##### Extracted information
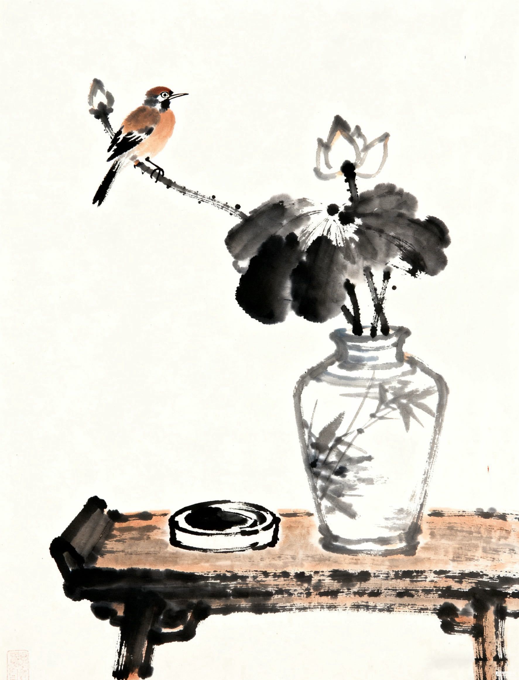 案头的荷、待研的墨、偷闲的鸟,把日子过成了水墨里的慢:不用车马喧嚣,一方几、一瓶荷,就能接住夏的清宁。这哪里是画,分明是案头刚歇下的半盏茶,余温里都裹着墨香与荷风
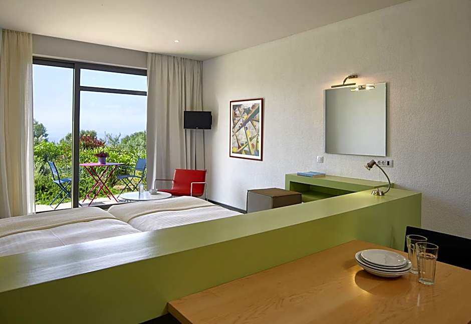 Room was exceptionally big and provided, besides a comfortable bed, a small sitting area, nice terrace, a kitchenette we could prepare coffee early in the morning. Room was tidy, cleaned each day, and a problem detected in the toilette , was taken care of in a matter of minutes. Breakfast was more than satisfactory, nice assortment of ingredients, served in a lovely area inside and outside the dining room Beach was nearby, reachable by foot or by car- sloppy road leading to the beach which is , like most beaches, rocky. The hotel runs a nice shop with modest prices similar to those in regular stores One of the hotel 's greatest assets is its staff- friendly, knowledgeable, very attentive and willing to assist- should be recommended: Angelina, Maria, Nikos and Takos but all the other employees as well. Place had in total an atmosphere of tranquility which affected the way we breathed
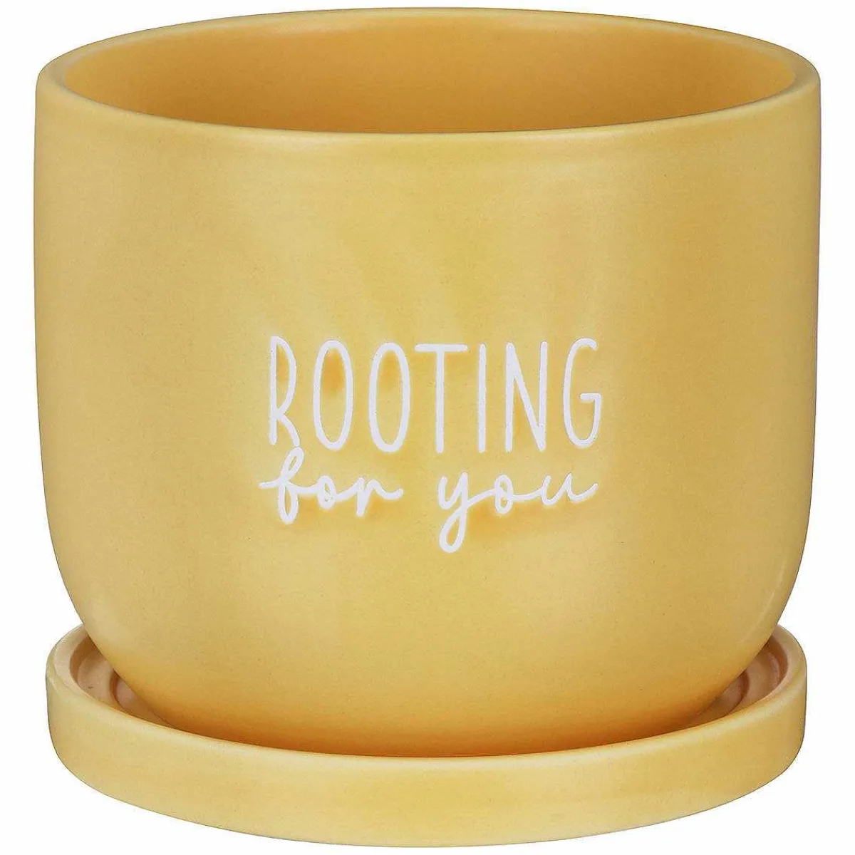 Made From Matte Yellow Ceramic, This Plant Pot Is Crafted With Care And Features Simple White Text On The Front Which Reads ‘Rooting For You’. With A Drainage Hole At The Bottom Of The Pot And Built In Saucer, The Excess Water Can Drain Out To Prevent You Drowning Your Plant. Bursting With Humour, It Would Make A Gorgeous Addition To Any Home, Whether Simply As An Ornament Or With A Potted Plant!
##########
##### Extracted information
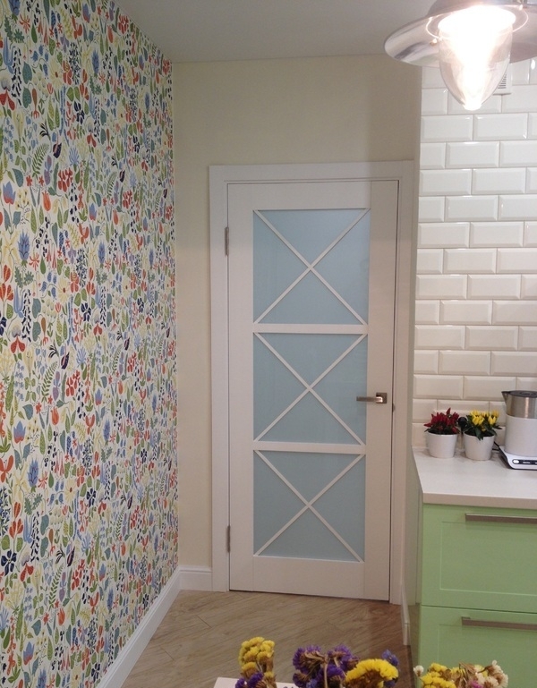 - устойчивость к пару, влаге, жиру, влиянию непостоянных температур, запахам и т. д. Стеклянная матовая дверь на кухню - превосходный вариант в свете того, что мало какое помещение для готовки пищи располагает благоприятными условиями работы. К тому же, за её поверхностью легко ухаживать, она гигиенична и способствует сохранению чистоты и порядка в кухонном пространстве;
##########
##### Extracted information
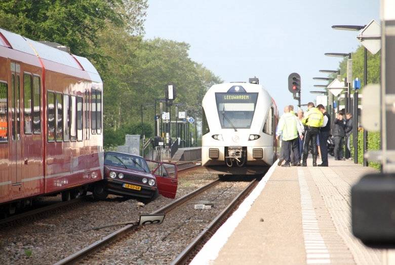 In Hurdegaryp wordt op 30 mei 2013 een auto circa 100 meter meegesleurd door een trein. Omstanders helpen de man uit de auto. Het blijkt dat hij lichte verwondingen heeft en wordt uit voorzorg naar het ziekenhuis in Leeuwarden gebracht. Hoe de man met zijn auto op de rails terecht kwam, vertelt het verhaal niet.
##########
- Directions for this task: Using the data above, output the line that has "案头的荷、待研的墨、偷闲的鸟", the line that has "Made From Matte", and whatever lines fall between, each exactly as it stands and without pictures.

- Answer box:
 案头的荷、待研的墨、偷闲的鸟,把日子过成了水墨里的慢:不用车马喧嚣,一方几、一瓶荷,就能接住夏的清宁。这哪里是画,分明是案头刚歇下的半盏茶,余温里都裹着墨香与荷风
 Room was exceptionally big and provided, besides a comfortable bed, a small sitting area, nice terrace, a kitchenette we could prepare coffee early in the morning. Room was tidy, cleaned each day, and a problem detected in the toilette , was taken care of in a matter of minutes. Breakfast was more than satisfactory, nice assortment of ingredients, served in a lovely area inside and outside the dining room Beach was nearby, reachable by foot or by car- sloppy road leading to the beach which is , like most beaches, rocky. The hotel runs a nice shop with modest prices similar to those in regular stores One of the hotel 's greatest assets is its staff- friendly, knowledgeable, very attentive and willing to assist- should be recommended: Angelina, Maria, Nikos and Takos but all the other employees as well. Place had in total an atmosphere of tranquility which affected the way we breathed
 Made From Matte Yellow Ceramic, This Plant Pot Is Crafted With Care And Features Simple White Text On The Front Which Reads ‘Rooting For You’. With A Drainage Hole At The Bottom Of The Pot And Built In Saucer, The Excess Water Can Drain Out To Prevent You Drowning Your Plant. Bursting With Humour, It Would Make A Gorgeous Addition To Any Home, Whether Simply As An Ornament Or With A Potted Plant!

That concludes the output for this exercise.